One configuration for optimizing the size of the nitinol ring involves engineering it so that the force applied to the catheter tip assembly correlates to the stress and strain of the material on the plateau of the nitinol stress strain curve (as shown in the Jervis patent(s) referenced above). This means that there is a nearly constant force applied to the assembly regardless of small dimensional variations in the parts which might create large variation in stress, if non-superelastic clamping rings were used.

The tip 25 may be molded and made out of nylon, Pebax, silicone, or another soft plastic material that permit easy tracking along curves of a guidewire inside the body.

Alternatively, when thermal processing (cooling) is not used, the ring 20 when expanded may be transformed into a stress induced martensitic phase.
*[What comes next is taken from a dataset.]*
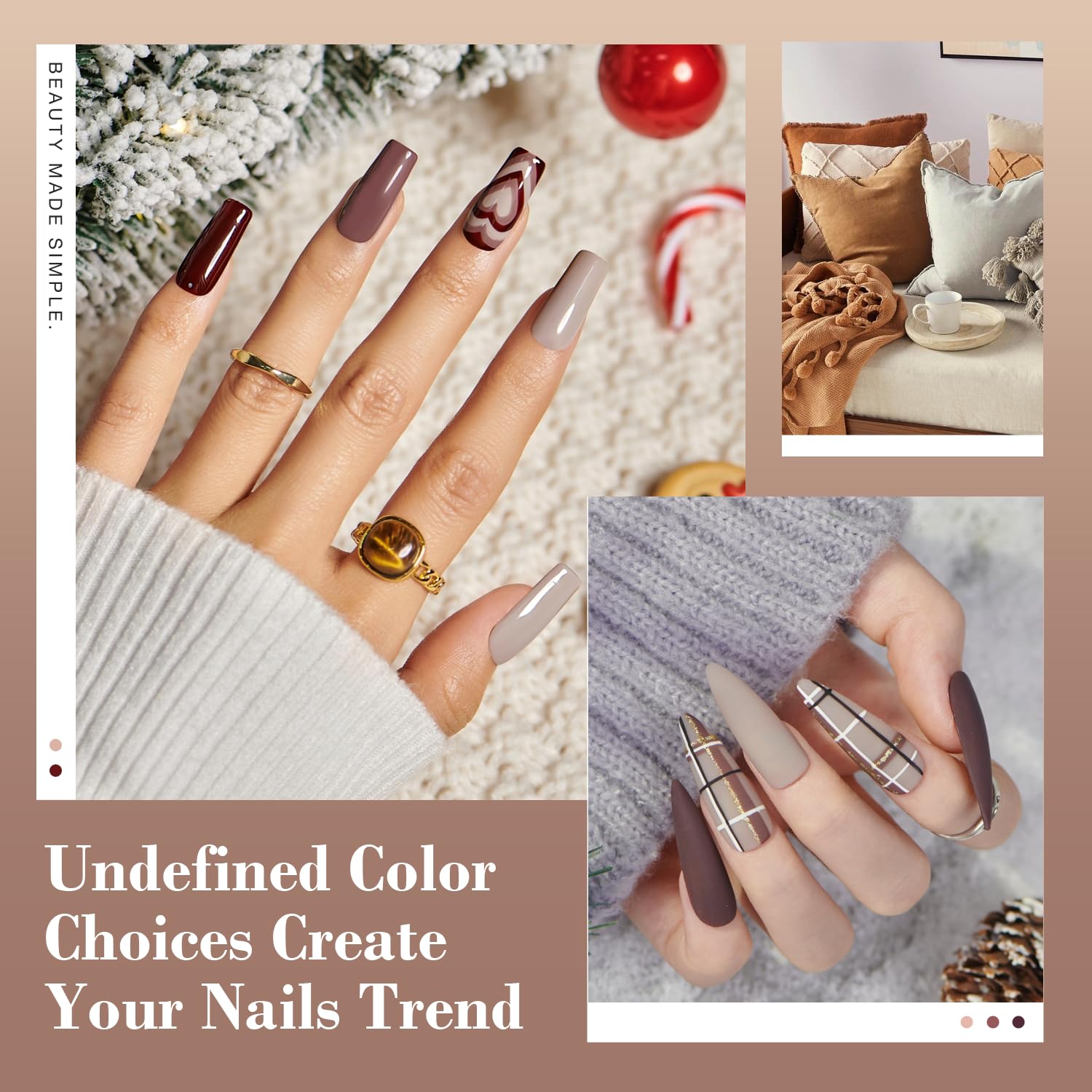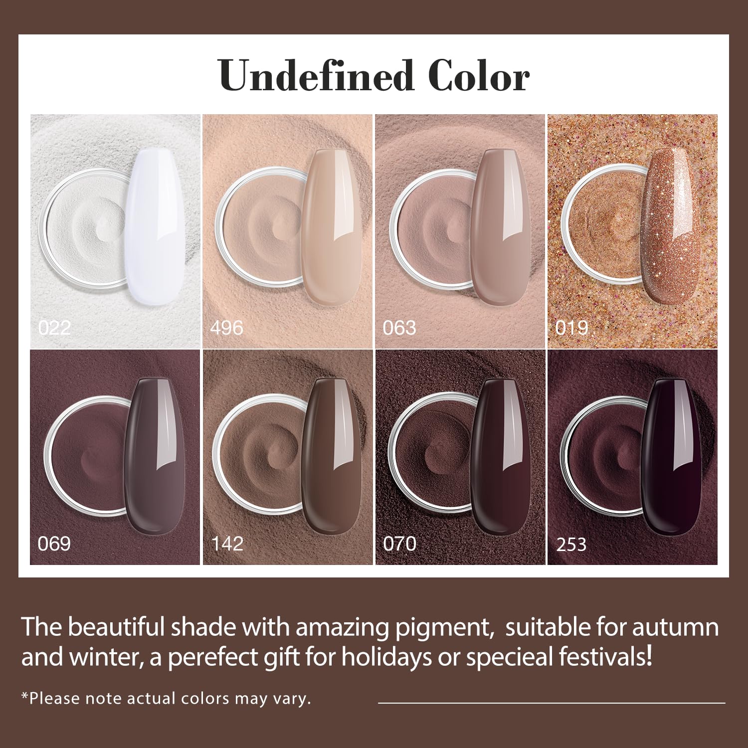- ăUpgraded 30Pcs Starter Kită: AZUREBEAUTY 30 Pcs fall brown nude set dip nails powder starter kit: 8*10g (0.33oz) color powder, 4*10ml dip powder liquid set(base coat/activator/top coat/matte top coat), 2*liquid brush replacement, 1*nail brush,1*nail file, 1*nail polishing block, 1*dip powder recycling tray. What's more, 10*nail sticks and 2*orange wood stickers are added in the kit for color testing as well as ease of use

When positioned in (or over) the circumferential slot of the tip, the expansion stress is released to allow the ring to attempt to return to its austenitic phase and as the ring shrinks and reduces its diameter it causes the tip 25 to engage the end 31 of the catheter in an interference fit type coupling.

Coupling as referred to herein means attaching or connecting together whether directly or indirectly and includes coupling two members together with or without another material or materials situated between the members such as, for example, a glue, a thin layer of another material or a material shrink wrapped onto the one or other of the members.

The shape memory alloy material is selected so that the ring of a desired dimension exerts a sufficient amount of force on the catheter tip 25 and catheter end 31 to prevent uncoupling or a break, at least according to manufacturing and product standards. Manufacturing and product standards for catheters are described in ISO 10555-1:1995(E) section 4.5, table 1 and annex B where the standard requirement for force at break at a junction, and the test for determining such force at break are described.

Although this detailed description sets forth particular embodiments according to the invention, various other catheter systems and applications are contemplated.

While the invention has been described with reference to particular embodiments, it will be understood to one skilled in the art that variations and modifications may be made in form and detail without departing from the spirit and scope of the invention.